That's the gap Improve names. The signal exists on both sides; the system to act on it doesn't, and the system to connect them definitely doesn't. Operators see patterns; the org has no inbox for them. The AI creates patterns; nobody reads them against the team's escalation log. Improvement becomes a side project on one side and a vendor conversation on the other, instead of a core function.
Haven's Improve module starts with the friction inbox. A named place to log patterns the team sees and patterns the AI is creating. A weekly triage that drafts the intervention: a coaching note for the team, a prompt update for the AI, a process change for the handoff. A clear owner for each. A path from "this keeps happening" to "this doesn't anymore," wherever it was happening.
The team learns to name patterns. The AI's behavior gets read as a source of patterns, not a black box. The org learns to act on both. Improvement compounds because it's routine, not heroic.
The progression. Four levels.
Friction is folklore on the team. The AI's friction lives in a vendor dashboard nobody reads. The team knows the patterns; nobody writes them down. The AI creates patterns; nobody triages them. Fixes happen when a pattern blows up on either side. Same fires, every quarter.
- Friction is folklore
- AI-created friction read by vendor only
- Same fires every quarter on both sides
- No inbox covering both populations
Some patterns get logged from the team. AI patterns still live elsewhere. The lead keeps a running list. Some get fixed. Engineering takes the obvious ones. The AI's recontact patterns surface in vendor quarterly reviews. The two lists rarely meet. The rest stay on both lists, year after year.
- Lead's running list (humans)
- Vendor quarterly review (AI)
- The two lists rarely connect
- No retirement criteria on either side
One friction inbox covering humans, AI, and the handoff. Triaged, owned, drafted. Weekly triage that drafts the intervention per friction type: coaching, prompt update, process change. Each friction has an owner and a fate. The team sees patterns turn into changes wherever they originated.
- One named inbox across both populations
- Weekly triage drafts the intervention
- Named owners across humans, AI, and handoff
- Patterns turn into changes on either side
Patterns get caught on either side before they're patterns. Drift detection runs on both populations. The inbox is rarely full because the standard catches it at the calibration line. The team's job becomes prevention, not reaction. The AI's prompts get tuned at the same cadence.

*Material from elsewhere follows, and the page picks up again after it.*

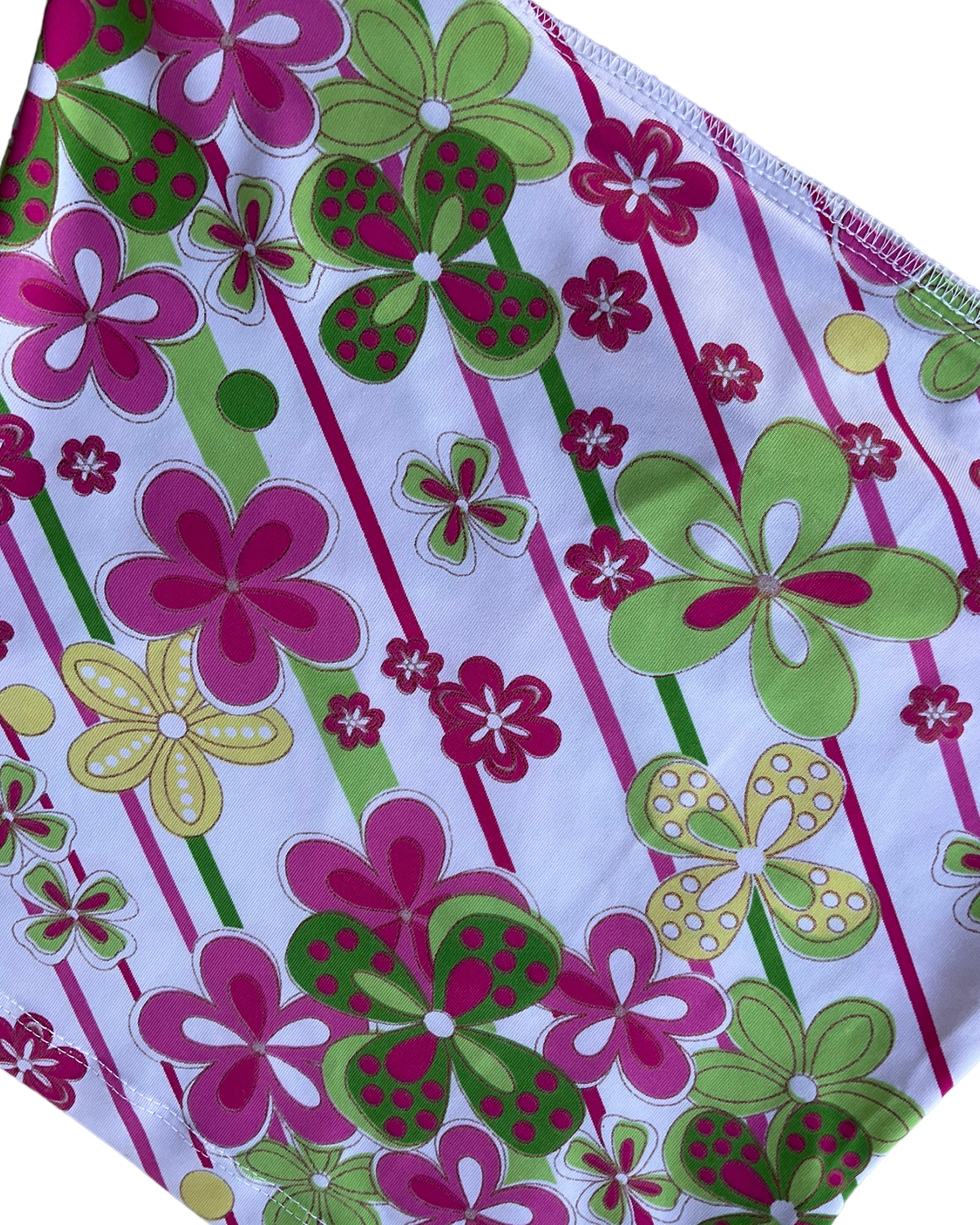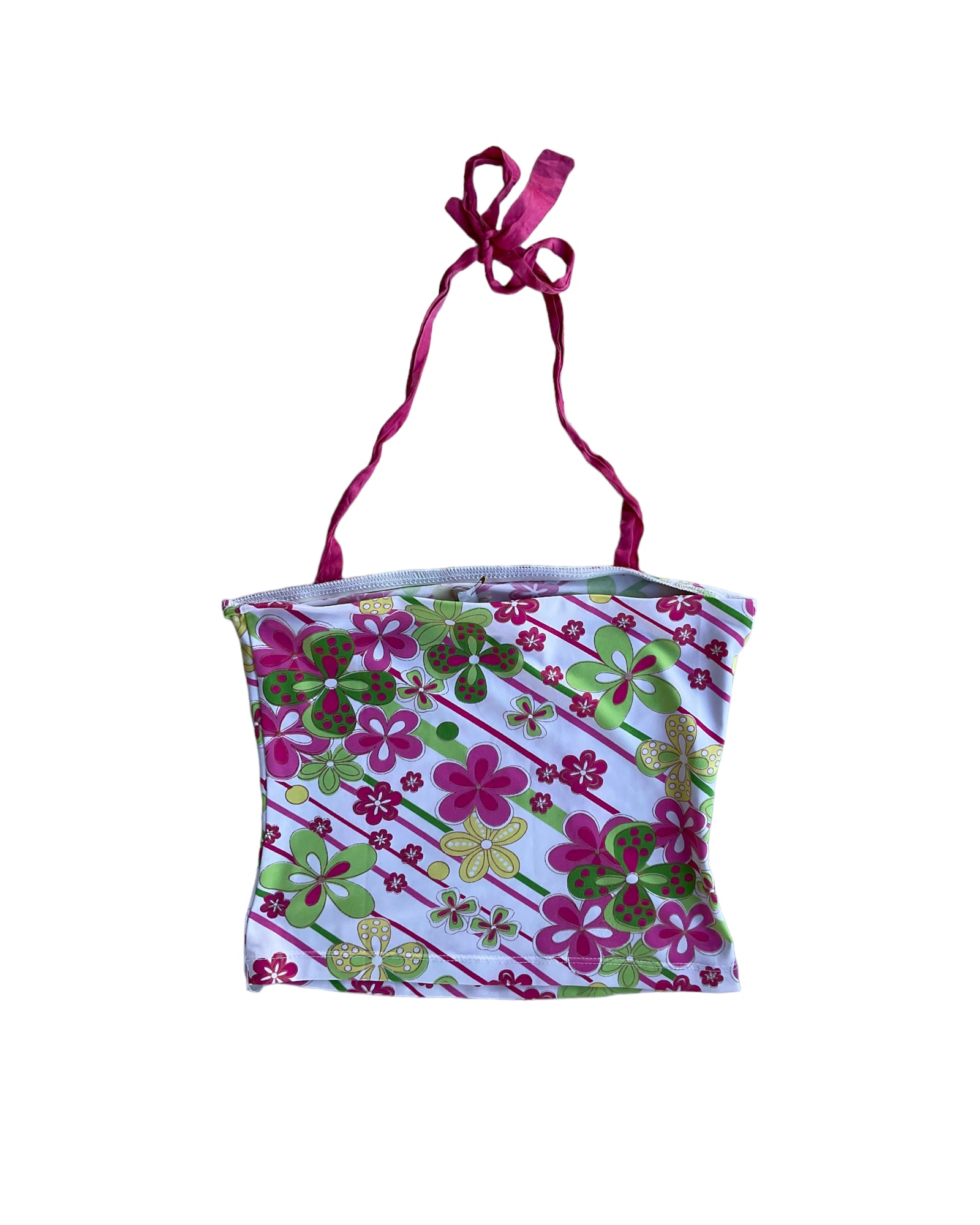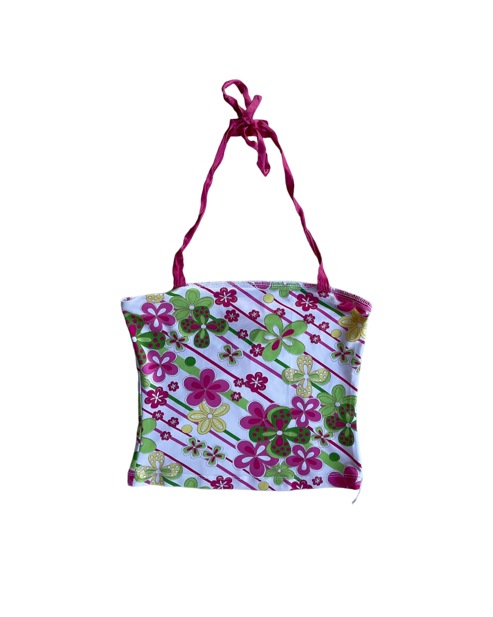 TOP BLANCO CON ESTAMPADO DE FLORES Y RAYAS CON TIRANTE EN EL CUELLO, 100% SPANDEX

- Drift detected on either population
- Inbox rarely full
- Prevention over reaction
- Compound improvement, both sides
What Improve builds.
The friction inbox
A named place to log patterns from humans and the AI alike. Tagged by source, dated, ownable. The signal layer the org never built, covering both populations.
- Single inbox across humans and AI
- Tagged by source: team / AI / handoff
- Open to the whole team
- Linked to QA findings, AI recontact patterns, KB drift
The triage ritual
A weekly 30-minute session where the inbox gets owned. Each friction named, fated, drafted, assigned. Drafts the intervention by source: coaching note for the team, prompt update for the AI, process change for the handoff.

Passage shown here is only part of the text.